Currently watching on Netflix/Hulu/HBO Max/Starz: We haven’t watched much this month, on the account of being off the grid and sickly. But we started the last season of Outlander and are watching Survivor live on actual TV.
Currently reading: I love that I’m reading more than 1 book per month these winter days!
There are a lot of Iditarod books out there, and I’ve read a handful. I really wanted to have one to read while we were volunteering at the Iditarod, so at last minute, I perused my library’s availability and ended up with Katherine Keith’s Epic Solitude: A Story of Survival and a Quest for Meaning in the Far North. This was so much more than Katherine’s Iditarod experience. In fact, it was hardly about the Iditarod, and more about Katherine’s journey to dog mushing. This gal has experienced an extreme amount of hardship and heartache through different time periods her life. It’s actually heart-breaking. I would highly recommend the read, but just don’t expect it to be about the Iditarod.

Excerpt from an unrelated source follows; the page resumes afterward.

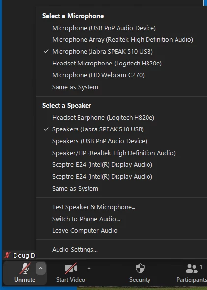 For example, I have a great USB Jabra speakerphone that I use MOST of the time. But, that tethers me to my desk. So, if I need to get up and let my dog out or something, I want to switch to my Logitech H820e wireless headset, take care of the dog, and then return to the speakerphone.

A friend gave me Bold Spirit: Helga Estby’s Forgotten Walk Across Victorian America by Linda Lawrence Hunt and I really loved it. This is the real-life stunning account of a mother and daughter’s walk from Spokane to New York in 1896. Here’s the thing though, Helga’s walk was a silenced story that nearly went untold for reasons that don’t make sense in this day and age (women had no voice back then, remember?). The author initially heard about it from a storytelling contest entered by an 8th grader, who happened to be the great-great grandson of Helga Estby. She had to reconstruct the pieces of the puzzle without well-documented primary resources because Helga’s original letters, diary and even manuscript about the journey were all disposed of because her children condemned their mother’s actions. There were eyewitness accounts and short newspaper articles, but so much of the story remains a mystery and is left to speculation. Nonetheless, I enjoyed learning about her story and it made me think about how many life stories of humble, ordinary people (especially women) are lost in history.
Lastly, I read Adrienne Lindholm’s It Happened Like This: A Life in Alaska. I’m a sucker for every Alaska memoir out there. Adrienne’s thoughts resonated with my own about complex issues, like Alaska’s “resources, respectfully giving both sides of the argument. Her writing is captivating. With that being said, I did have the feeling the whole time I was just reading about her Alaskan adventures in a semi-chronological way without any purpose. Still good, especially if you love reading about Alaska as much as I do.